3. Each octal digits can be represented by 3 bits

4. Converting a binary number to octal

5. Collect in compilation 3 bits (beginning with radix point)

6. Example: 11001001110111102

001	100	100	111	011	110
1	4	4	7	3	6

by the 11001001110111102 = 1447368 Is the MSB of 21 578? 28 = 25 178 0102 by the MSB is 0 What is 4 Left-Most bit of 25 178? 18 = 0012 and 78 = 1112 So, the Left-Most Bit 4 is 25 178 1111.

 The Hexadecimal number system

Ø  Alphabet consisting of hexadecimal numbers 0, 1, 2, 3, 4, 5, 6, 7.8, 9, A, B, C, D, E, F

Ø  Therefore, Radix = 16

Ø  Each digit HEX can be represented by 4 bits

Ø  Converting binary to Hex.

Ø  Collect in assembly 4 bits (start from point radix)

Ø  Example: 11001001110111102

1100	1001	1101	1110
C	9	D	E

Ø  Therefore, 11001001110111102 = C9DE16

Ø  Hex numbers in accordance with memory storage unit.

Ø  A cell = 1 byte = 2 groups of 4 bits (nibble) = 2 digit Hex

Ø  Therefore, the address for the memory size of 256 bytes can be represented from     00 to FF.

Introduction to Data Representation

Arithmetic Logic Unit

• everything else in the computer is there to serviice this unit
• Handles Integers.
• Does the calculations.
• may handle floaing point numbers.

 Data Types 

• epresented in binary-coded form
• only have 0&1 to represent everything
• can be classified to these categories:        

1. Numbers used in arithmetic computation
2. Letters of the alphabet used in data processing
3. Other discrete symbols used for specific purpose                    

Alphanumeric Representation

An alphanumeric character set is a set of elements that includes the 10 decimal digits, the 26 letters of the alphabet and a number of special character such as $, +, and =.

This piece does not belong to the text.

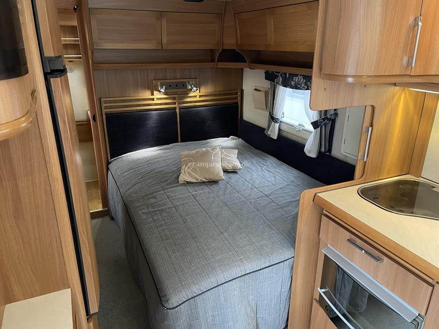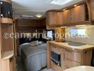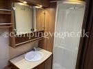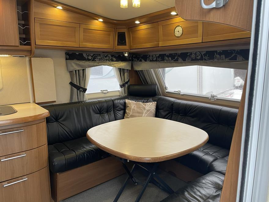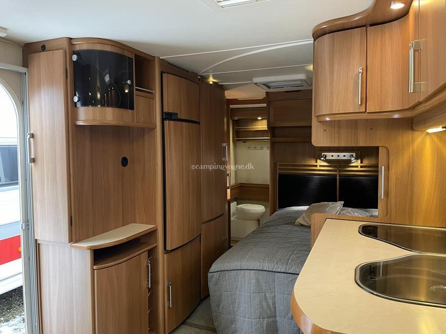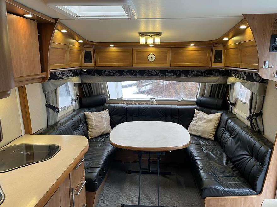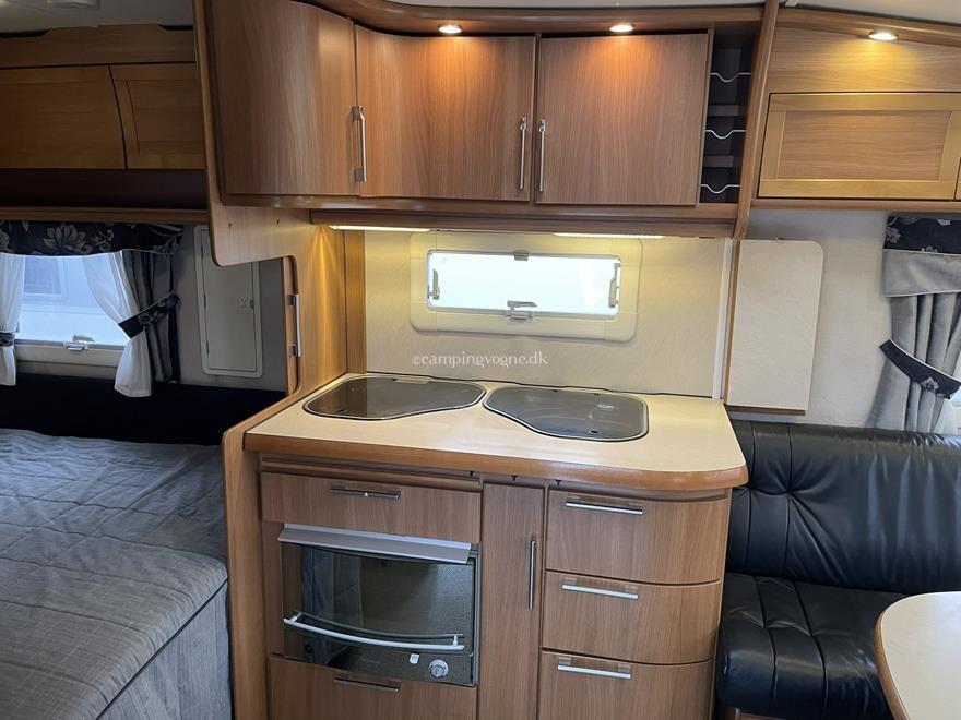 Yderst vogn med stor rundsiddegruppe i læder og endebadeværelse med bruseniche. Midt i vognen findes køkken med gasbageovn, højt køleskab og god skabsplads.

1. The standard alphanumeric binary code : ASCII (American Standard Code for Information          Interchange)

• uses seven bits to code 128 characters.
• codes must be in binary because registers can only hold binary information.

2. Another alphanumeric code used in IBM equipment, EBCDIC (Extended BCD Interchange Code) that used 8 bits for each character.

• BCD (Binary Coded Decimal) represents each individual digit of a decimal number as a group of binary bits; the other formats would convert an entire decimal value to its equivalent binary value. *In the 8421 Binary Coded Decimal (BCD) representation each decimal digit is converted to its 4-bit pure binary equivalent.